10. Act to override other enactments, etc.- The provisions of this Act or any rule made thereunder shall have effect notwithstanding anything inconsistent therewith contained in any enactment other than this Act or in any instrument or contract having effect by virtue of any enactment other than this Act. " ( 8 ) THERE is no law that until an employee tolerate such an order he is not entitled to the benefits of his retirement. If this would be the position of law, post retirement pecuniary benefits will not be paid and only because an employee challenges the order, he would invite suffering himself. Post retirement pecuniary benefits are benevolent in nature. No interpretation is possible where a benevolent provision would be defeated.
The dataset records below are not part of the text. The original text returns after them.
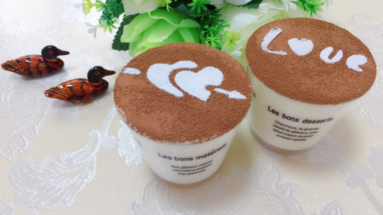 10. 完全凝固后取出。用吹风机沿着模具边缘吹几圈,放在比模具高的杯子上,往下用力即可脱模。表面撒一层可可粉。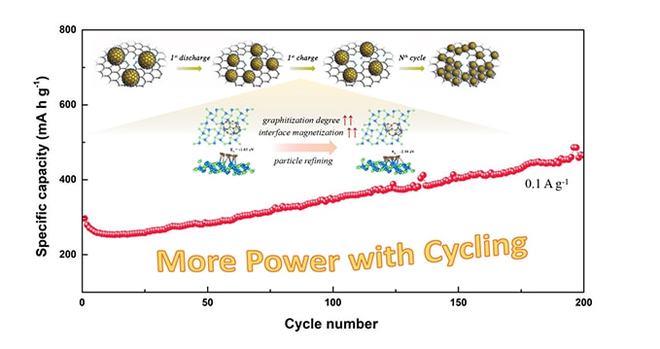更重要的是,研究人員將電化學(xué)研究和原位電子顯微鏡表征分析結(jié)合起來,確定了一種獨(dú)特的顆粒細(xì)化機(jī)制,可在循環(huán)過程中誘導(dǎo)容量增加,這種容量增強(qiáng)效果在小電流下更加明顯。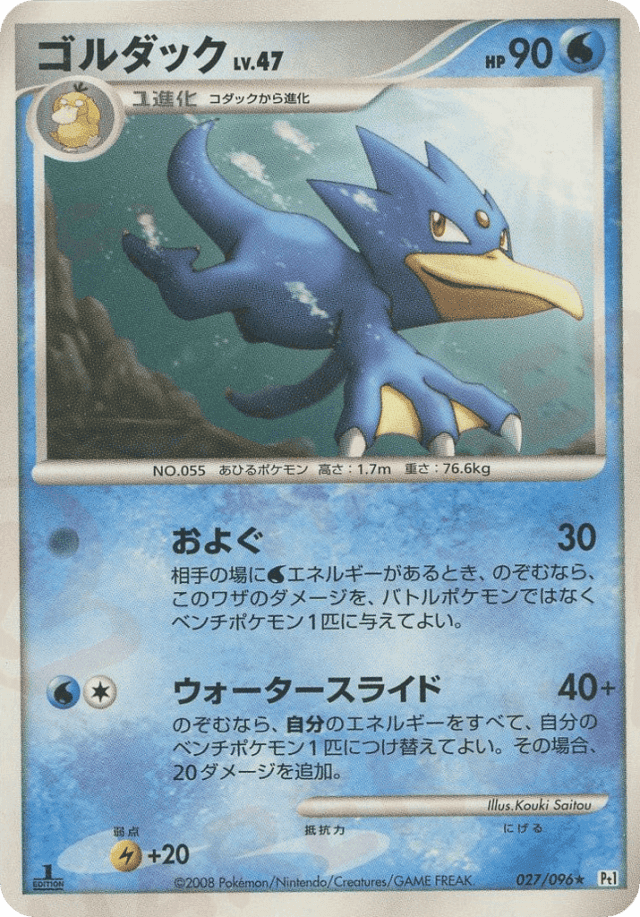 You may move all Energy cards attached to Golduck to 1 of your Benched Pokémon. If you do, this attack does 40 damage plus 20 more damage.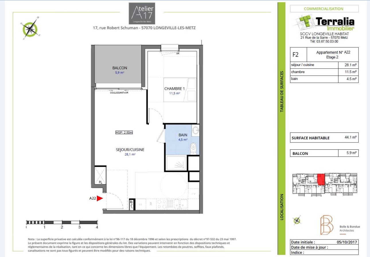 • Surface habitable : 44,1 m²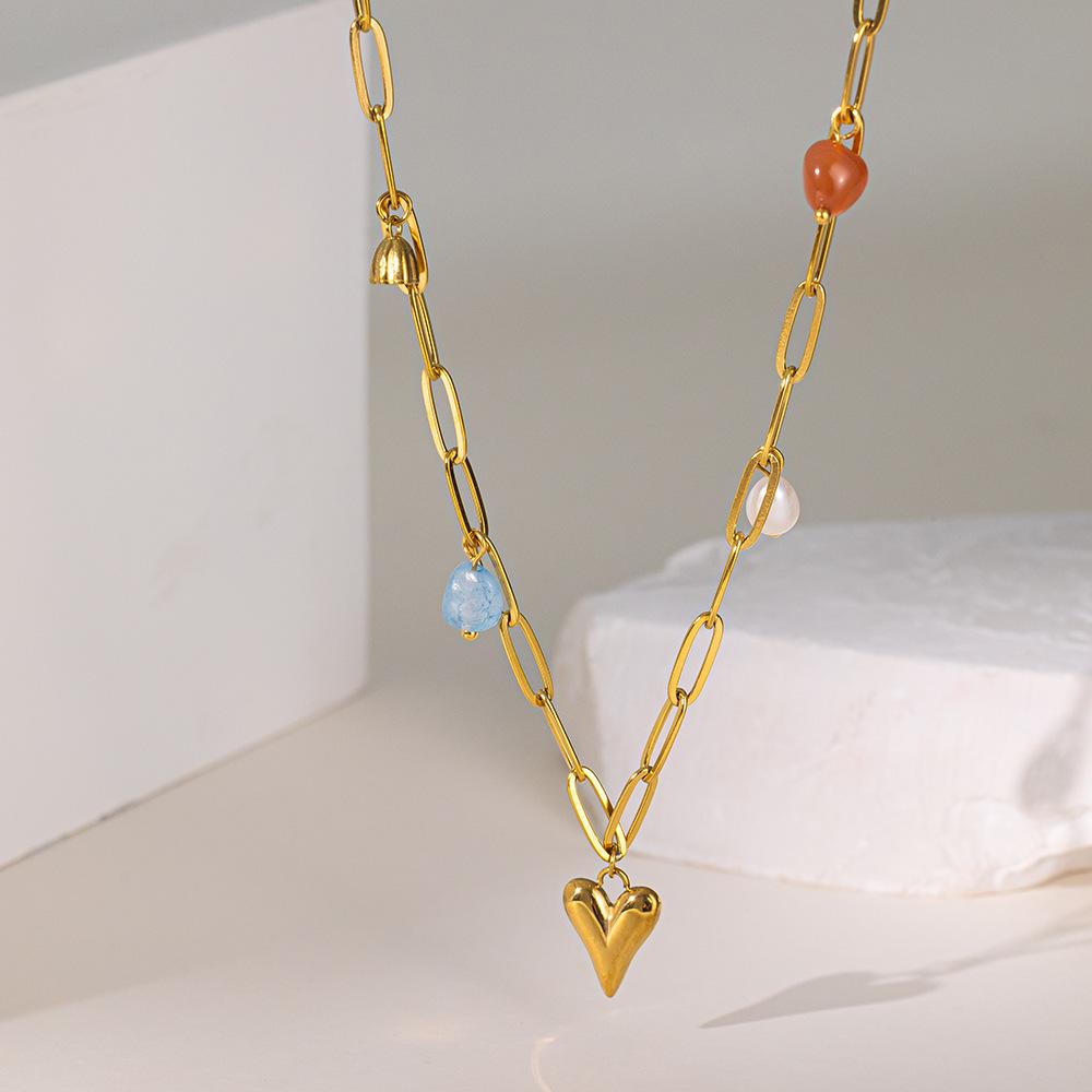 Estilo Francés Alto Corazón Frío Color Perla Piedra Colgante de Piedra Natural Cadena Clavícula Collar Transfronterizo Joyería Mejor Amigo de la Chica Regalo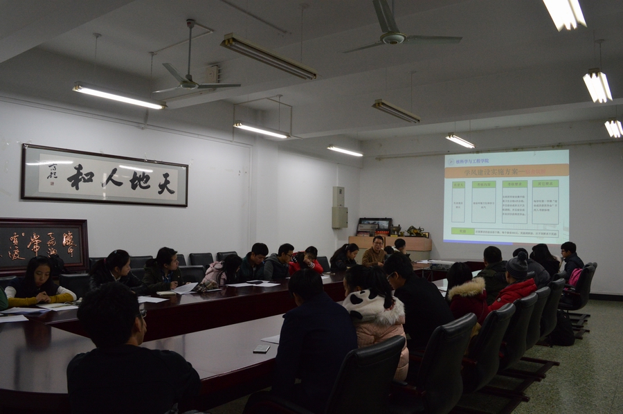 11月24日,304am永利集团在教三C312召开学风建设工作推进会。会议以总结上学期学风建设工作,督促和推动本学期学风建设为内容。公司党委副书记李辉老师,15级辅导员王悦老师以及2014、2015级各班班长团支书参加了会议。
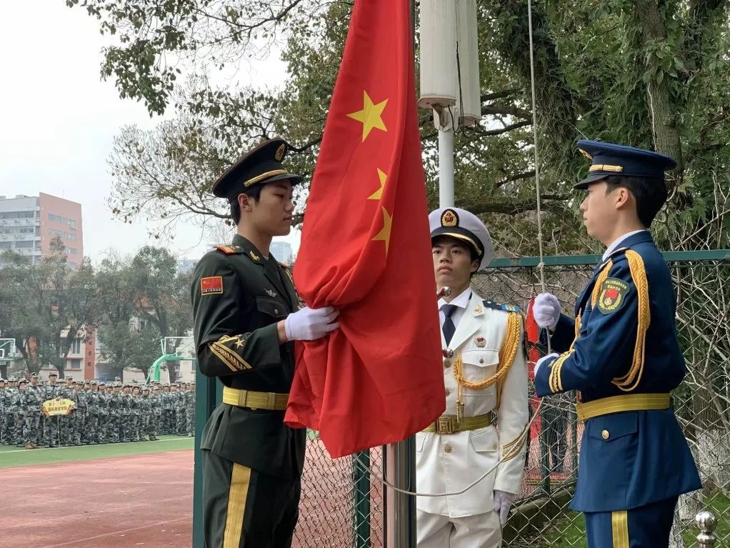 红旗飘飘,国歌嘹亮。各分院书记及全体师生、教官共同注视着徐徐升起的五星红旗,庄严而神圣。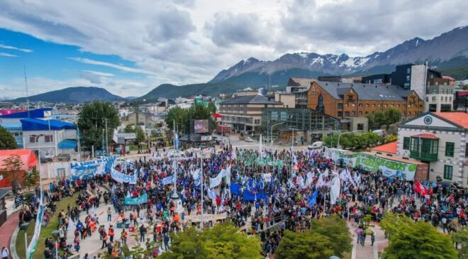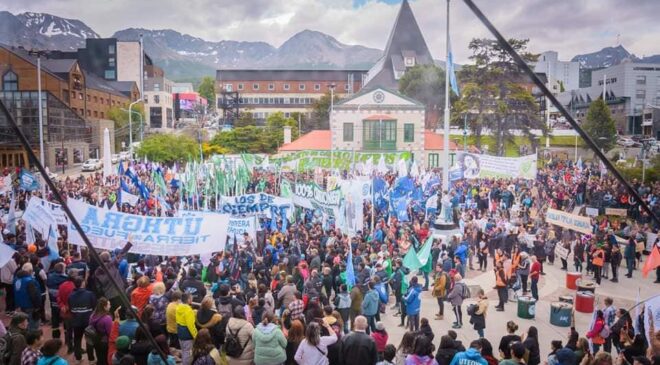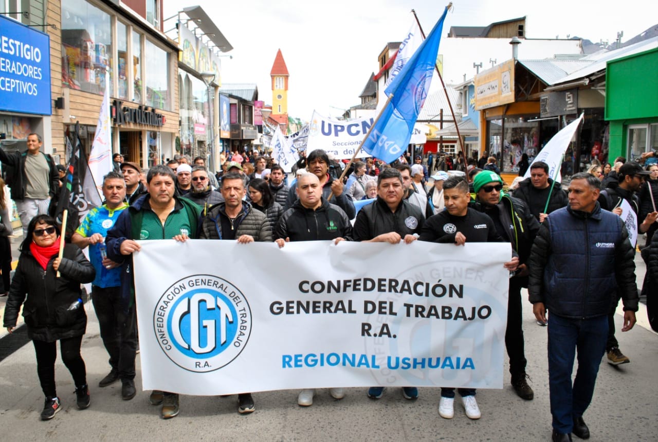 TDF: PARO NACIONAL CONVOCADO POR LA CGT DestacadaNacionalesProvincial By Admin On Ene 24, 2024 Share FacebookTwitterGoogle+WhatsAppEmail Se llevó a cabo con una gran convocatoria y tranquilidad el primer paro nacional en la ciudad de Ushuaia, dispuesto por la CGT. Los trabajadores marcharon por la calle San Martín hacia la Plaza Cívica donde se llevó a cabo el acto central. Share FacebookTwitterGoogle+WhatsAppEmail

After making the payment a condition of service, employee becomes a trustee in respect of the sum due and it has to assist employee to get it as early as possible so that the employee utilises the same in post retirement period. Intention of parliament in Payment of Gratuity Act is also the same. Procedural matters cannot be treated as pre-condition to get the benefit. When such a question comes to Court, it become obligatory for the Court to protect interest of the employee without causing detriment to the employer. [brundaban sahu V. OSRT CORPORATION LTD. , 1992 LAB IC 1335; 1992 LLR 696 (ORI)]. ( 9 ) THE employer is not entitled to withhold the gratuity on the pretext that the employee is in occupation of the land belonging to the employer. The amount by way of gratuity due to an employee cannot be withheld otherwise than by fulfilling the conditions contained in sections 4 (6), 13 and 14 of the Payment of Gratuity Act. Under the A ct, the employer is entitled to withhold the gratuity of an employee under section 4 (6) of the Act. That apart, the legislature itself has granted statutory protection for payment of gratuity to an employee by enacting section 13 under which no gratuity payable under the Act is liable to attachment in execution of any decree or order of any civil, revenue or criminal court. Section 14 of the Act and Rules made thereunder shall have effect notwithstanding anything inconsistent therewith contained in any enactment other than the Act or in any instrument or contract having effect by virtue of any enactment other than the Act.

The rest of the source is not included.